After locating the line that holds "Cardi B smoking", copy that line and all that follow it word for word through the end of the data, with no pictures.

• Information shown:
+ + + + + + +

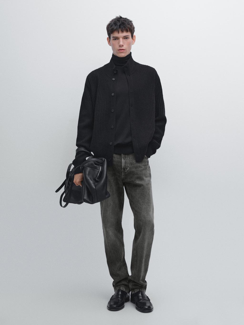 Knit wool blend cardigan with high neck
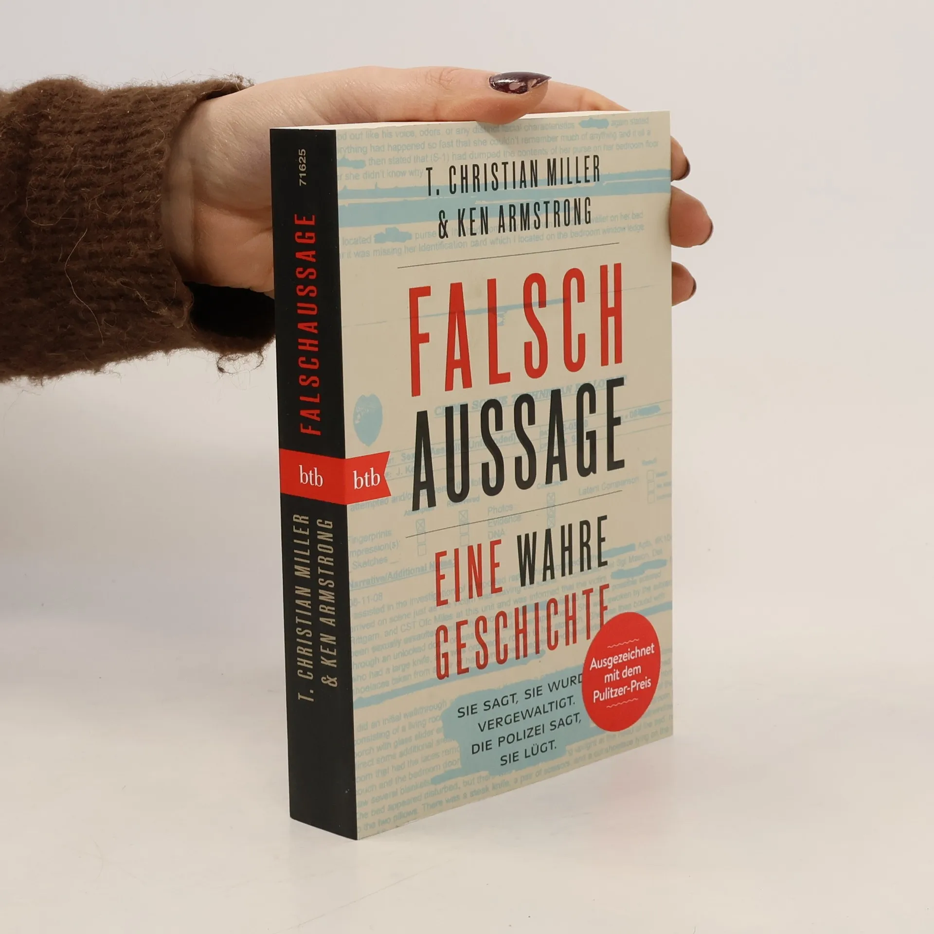 »Ein Buch, das im Genre True Crime in der obersten Liga spielt.« (Hannes Hintermeier, FAZ) Die vielfach ausgezeichneten Journalisten T. Christian Miller und Ken Armstrong erzählen die wahre Geschichte der 18jährigen Marie, die, als sie bei der Polizei ihre brutale Vergewaltigung anzeigt, nicht als Opfer, sondern als Verdächtige behandelt wird. Die Beamten bezichtigen sie der Falschaussage und statt den Täter zu suchen, wird Marie selbst vor Gericht gebracht. Mehr als zwei Jahre später kommen zwei couragierte Kriminalbeamtinnen, die eine Verbindung zu weiteren Vergewaltigungsfällen herstellen, einem brutalen Serientäter auf die Spur und bringen am Ende die schockierende Wahrheit ans Licht. Basierend auf Ermittlungsakten und Interviews mit den wichtigsten Beteiligten, ist »Falschaussage« eine unglaubliche Geschichte über Lügen, Zweifel und den unbeirrbaren Kampf um Gerechtigkeit, die schonungslos offenlegt, wie bis heute mit sexueller Gewalt umgegangen wird – und dass viel zu oft immer noch die Opfer an den Pranger gestellt werden und nicht die Täter.
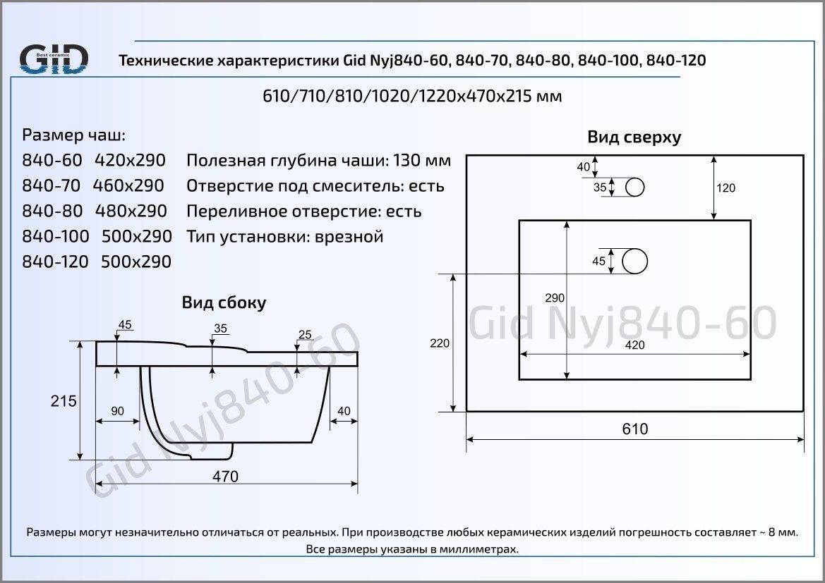 Раковина для ванной Gid NYJ840-70 монтируется в столешницу.
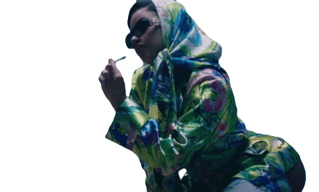 Cardi B smoking a cigar, wearing sunglasses and a headscarf, with a confident and stylish pose.
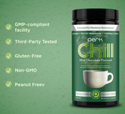 Relax & Unwind: Perk Chill features ingredients like magnesium, zinc, and glycine– nutrients involved in muscle and nervous system functions–that can help set the tone for a restful night. With soothing flavors and thoughtful nutrients, it’s a gentle way to ease into your evening routine.
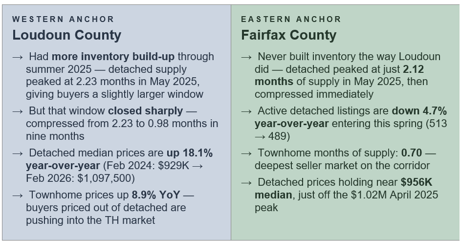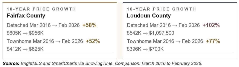Loudoun detached homes have doubled in value over 10 years. Fairfax detached homes are up 58%. These aren’t appreciation rates driven by speculation or irrational exuberance. They’re driven by a structural imbalance between supply and demand that has persisted for a decade — and shows no sign of resolving this spring.
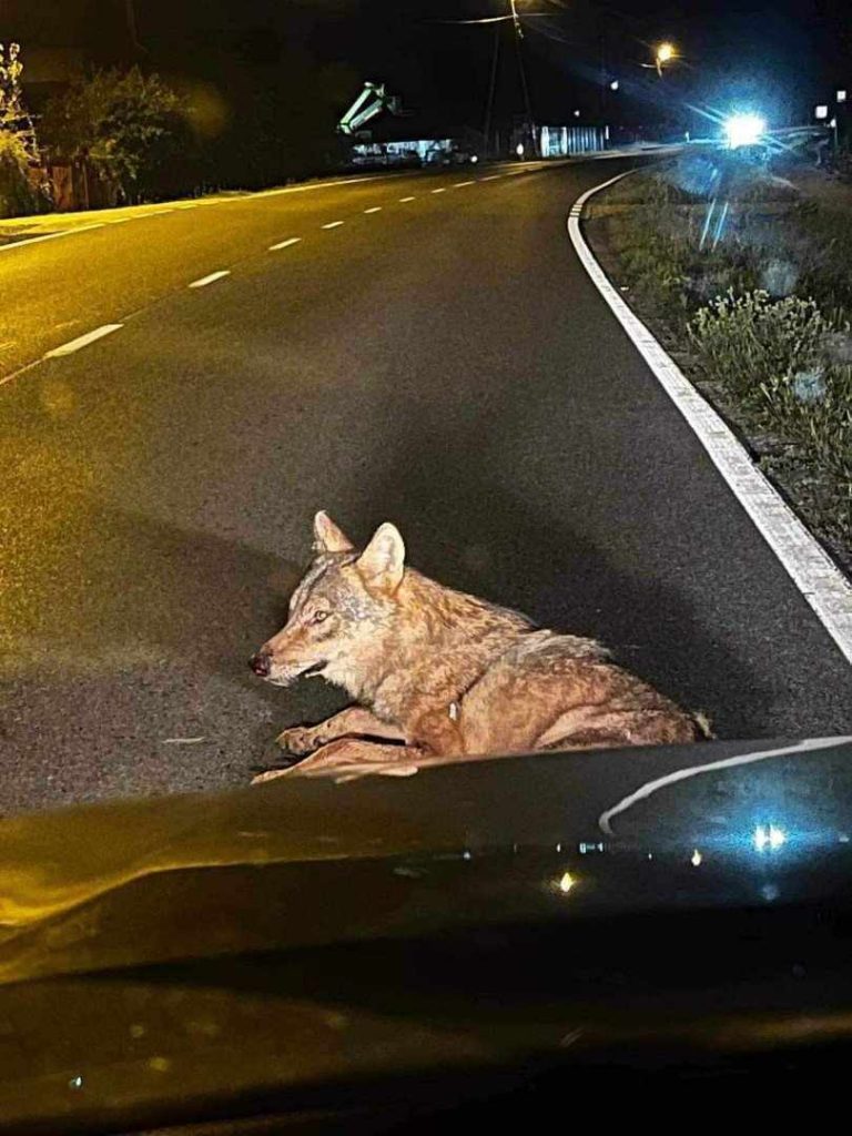 Potrącony wilk na drodze w miejscowości Sukmanie
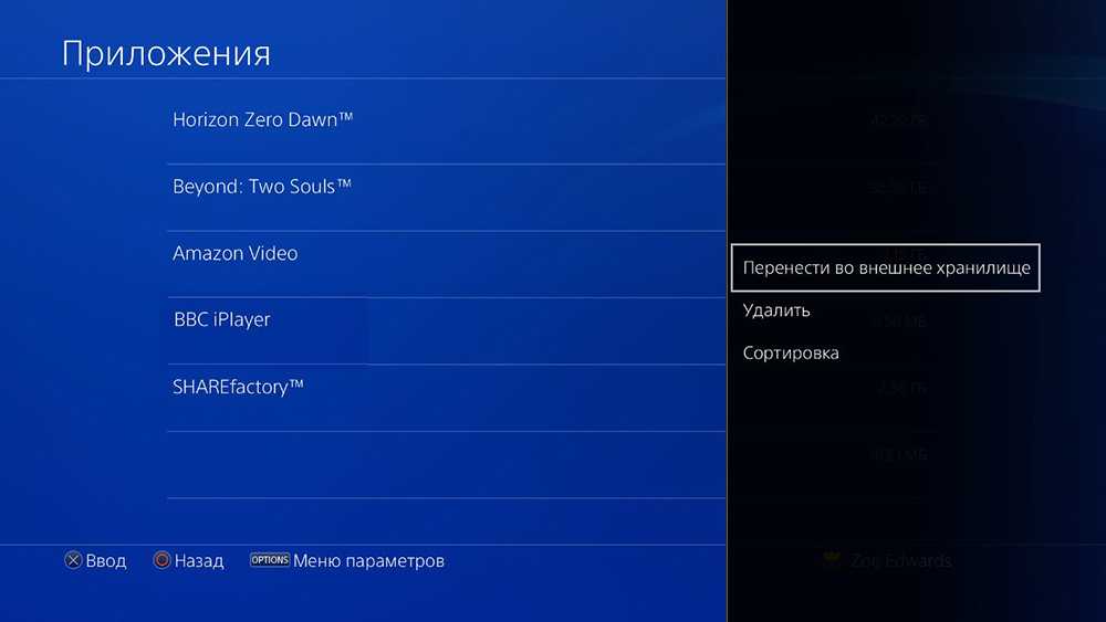 Перемещение игр осуществляется в настройках через подпункт «Хранилище». После нажатия кнопки Options можно выбрать необходимый контент и скопировать на внешний HDD.

+ + + + + + +

• Your response:
 Cardi B smoking a cigar, wearing sunglasses and a headscarf, with a confident and stylish pose.
 Relax & Unwind: Perk Chill features ingredients like magnesium, zinc, and glycine– nutrients involved in muscle and nervous system functions–that can help set the tone for a restful night. With soothing flavors and thoughtful nutrients, it’s a gentle way to ease into your evening routine.
Loudoun detached homes have doubled in value over 10 years. Fairfax detached homes are up 58%. These aren’t appreciation rates driven by speculation or irrational exuberance. They’re driven by a structural imbalance between supply and demand that has persisted for a decade — and shows no sign of resolving this spring.
 Potrącony wilk na drodze w miejscowości Sukmanie
 Перемещение игр осуществляется в настройках через подпункт «Хранилище». После нажатия кнопки Options можно выбрать необходимый контент и скопировать на внешний HDD.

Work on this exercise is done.